Литмир - Электронная Библиотека
Содержание  
A
A

— Так он все-таки женится на ней, Нина?

— Разве вы еще сомневаетесь в этом, барышня? Я уже несколько недель тому назад рассказывала вам, что она тут была со старухой, он остановился в доме канцлера и накупил в модных магазинах по крайней мере на 6000 марок разных товаров, выбрали все, что только было лучшего! Вы не хотели верить мне и тогда, когда я сообщила вам, что подвенечное платье Анны уже заказано придворной швее. Как же вы теперь об этом узнали?

— Канцлер и его брат взяли десятидневный отпуск, чтобы праздновать свадьбу сестры с белокурым кремцовским медведем. Они завтра едут.

— Я чувствую, что должно происходить в вашей душе, и жалею вас!

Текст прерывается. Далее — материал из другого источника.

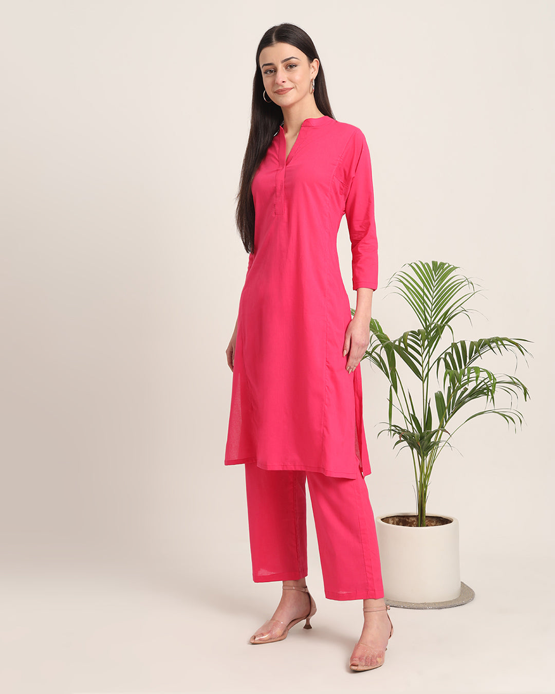 Queen's Gulabi Everyday Bliss Notch Neck Solid Co-ord Set

— Это мне мало помогает. Жалобы и ненависть теперь бесполезны. Я совершенно обезоружена!!

— Тем более жалею я, что вы не можете победить эту ненависть, которая, как червь, гложет ваше сердце и, наконец, затронет и вашу красоту, так удивительно сохранившуюся до сих пор! Остерегайтесь этого, барышня!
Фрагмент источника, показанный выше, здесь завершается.